Aim of the task - Please restate the data that follows word for word, with the pictures left out.

Data for review -
+ + + + + + +

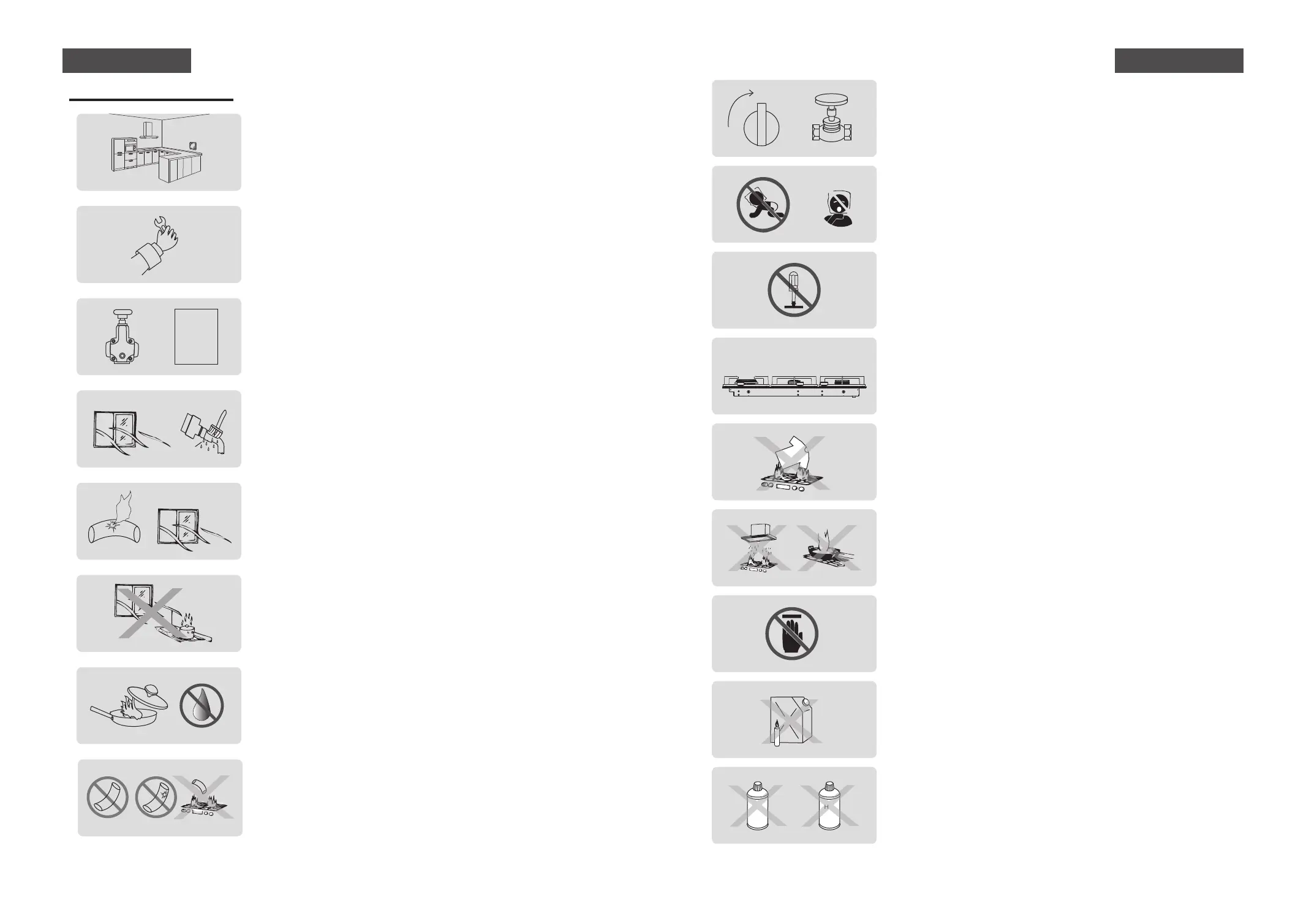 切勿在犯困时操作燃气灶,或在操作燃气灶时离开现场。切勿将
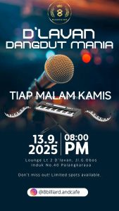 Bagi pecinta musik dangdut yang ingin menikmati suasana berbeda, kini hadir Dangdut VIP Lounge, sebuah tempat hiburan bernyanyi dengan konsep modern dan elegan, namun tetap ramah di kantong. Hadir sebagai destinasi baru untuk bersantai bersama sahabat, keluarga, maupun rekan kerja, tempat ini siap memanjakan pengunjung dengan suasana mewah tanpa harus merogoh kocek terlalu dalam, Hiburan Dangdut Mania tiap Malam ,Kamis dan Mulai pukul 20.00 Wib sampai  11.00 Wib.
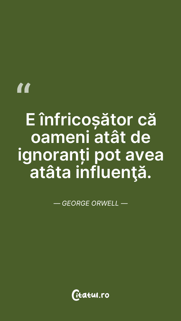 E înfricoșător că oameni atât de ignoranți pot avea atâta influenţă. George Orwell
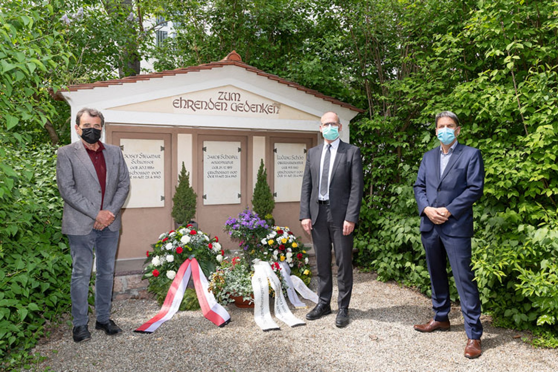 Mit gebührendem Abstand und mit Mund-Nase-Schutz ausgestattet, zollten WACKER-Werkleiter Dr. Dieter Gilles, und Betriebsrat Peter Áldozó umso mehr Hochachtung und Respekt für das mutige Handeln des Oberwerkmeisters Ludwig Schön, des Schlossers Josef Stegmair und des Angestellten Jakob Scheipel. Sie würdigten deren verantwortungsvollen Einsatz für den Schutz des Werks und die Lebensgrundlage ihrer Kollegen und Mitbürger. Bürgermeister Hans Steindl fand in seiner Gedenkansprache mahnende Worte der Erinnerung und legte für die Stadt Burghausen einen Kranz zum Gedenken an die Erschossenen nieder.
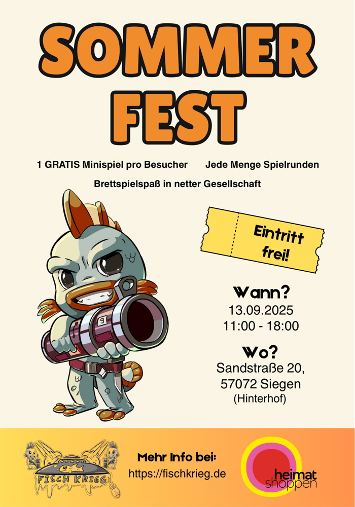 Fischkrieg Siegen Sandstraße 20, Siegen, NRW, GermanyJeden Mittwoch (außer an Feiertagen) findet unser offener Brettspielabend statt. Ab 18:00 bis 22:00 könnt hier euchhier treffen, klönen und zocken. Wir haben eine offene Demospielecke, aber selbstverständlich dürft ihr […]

+ + + + + + +

Response below -
 切勿在犯困时操作燃气灶,或在操作燃气灶时离开现场。切勿将
 Bagi pecinta musik dangdut yang ingin menikmati suasana berbeda, kini hadir Dangdut VIP Lounge, sebuah tempat hiburan bernyanyi dengan konsep modern dan elegan, namun tetap ramah di kantong. Hadir sebagai destinasi baru untuk bersantai bersama sahabat, keluarga, maupun rekan kerja, tempat ini siap memanjakan pengunjung dengan suasana mewah tanpa harus merogoh kocek terlalu dalam, Hiburan Dangdut Mania tiap Malam ,Kamis dan Mulai pukul 20.00 Wib sampai  11.00 Wib.
 E înfricoșător că oameni atât de ignoranți pot avea atâta influenţă. George Orwell
 Mit gebührendem Abstand und mit Mund-Nase-Schutz ausgestattet, zollten WACKER-Werkleiter Dr. Dieter Gilles, und Betriebsrat Peter Áldozó umso mehr Hochachtung und Respekt für das mutige Handeln des Oberwerkmeisters Ludwig Schön, des Schlossers Josef Stegmair und des Angestellten Jakob Scheipel. Sie würdigten deren verantwortungsvollen Einsatz für den Schutz des Werks und die Lebensgrundlage ihrer Kollegen und Mitbürger. Bürgermeister Hans Steindl fand in seiner Gedenkansprache mahnende Worte der Erinnerung und legte für die Stadt Burghausen einen Kranz zum Gedenken an die Erschossenen nieder.
 Fischkrieg Siegen Sandstraße 20, Siegen, NRW, GermanyJeden Mittwoch (außer an Feiertagen) findet unser offener Brettspielabend statt. Ab 18:00 bis 22:00 könnt hier euchhier treffen, klönen und zocken. Wir haben eine offene Demospielecke, aber selbstverständlich dürft ihr […]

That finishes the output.